Cupping Therapy for Scars: How It Works and the Benefits of Incorporating Cupping into Breast Rehabilitation

Cupping Therapy for Scars: How It Works

Scar tissue is a natural part of the body’s healing process. After surgery, injury, or inflammation, the body produces collagen fibers to repair damaged tissue. However, these fibers can sometimes form dense, tight adhesions that restrict movement, create discomfort, and interfere with the way tissues glide against one another.

One treatment gaining attention in rehabilitation settings is suction cup therapy, also known as cupping. When used appropriately, this technique can help mobilize scar tissue, improve circulation, and support tissue remodeling during recovery.

Cupping therapy works by creating negative pressure (suction) that lifts the skin and tissue layers upward, separating adhesions and restoring the kind of independent movement that scar tissue takes away. In a breast rehabilitation context, it is not a wellness service. It is a targeted, hands-on technique applied by trained therapists as part of an individualized treatment plan.

How Cupping Helps With Scar Tissue

Suction cup therapy works through several mechanical and physiological effects.

  • The suction gently lifts the skin, fascia, and superficial muscle layers away from deeper structures.

    This lifting can help:

    • Reduce adhesions between tissue layers

    • Restore normal sliding and gliding of fascia

    • Improve overall tissue mobility

    Instead of compressing the tissue, cupping decompresses it, which can be particularly helpful around scar tissue.

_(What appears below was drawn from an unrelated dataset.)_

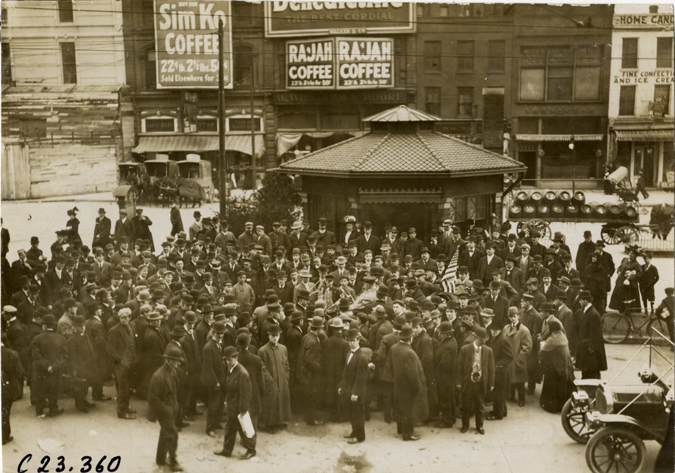 View of crowd surrounding motorists in E-M-F car in Cadillac Square, Detroit, Michigan during the pathfinding expedition for the 1909 Glidden Tour. Small octagonal building with tiled roof in background. Handwritten on back: "Cadillac Square, Detroit, Michigan. Tours--Glidden Tour Pathfinder, 1909."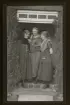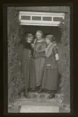 "Österåker" Tre kvinnor med pälskragar står på farstubron till ett hus.

  • When suction is applied, blood flow increases to the area. Improved circulation delivers oxygen and nutrients that support tissue repair. Scar tissue gets less blood flow than healthy tissue, which is part of why it feels stiff and slow to change. 

    The suction created by cupping brings more circulation into the area, giving the tissue what it needs to gradually soften, flatten, and move more freely again over time.

    Better circulation may help:

    • Promote healthier collagen remodeling

    • Reduce stiffness

    • Improve tissue elasticity

    Temporary redness or discoloration may appear after treatment. This is usually the result of increased blood flow to the treated area and typically resolves on its own.

  • Swelling can contribute to scar tightness. Cupping may assist the movement of fluid through the lymphatic system, helping reduce congestion around healing tissues.

    Improved lymphatic flow may help:

    • Decrease swelling

    • Reduce pressure in surrounding tissues

    • Support overall healing

  • Scar tissue is often less elastic than normal tissue. Gentle suction combined with movement of the cups can help encourage the tissue to become more pliable over time.

    This may improve:

    • Range of motion

    • Comfort during movement

    • Overall function of the affected area

How Cupping Works After Breast Surgery

After breast surgery, the body goes through several stages of healing. During this process, scar tissue forms not only at the incision site but also within the deeper layers of tissue that were affected during the procedure.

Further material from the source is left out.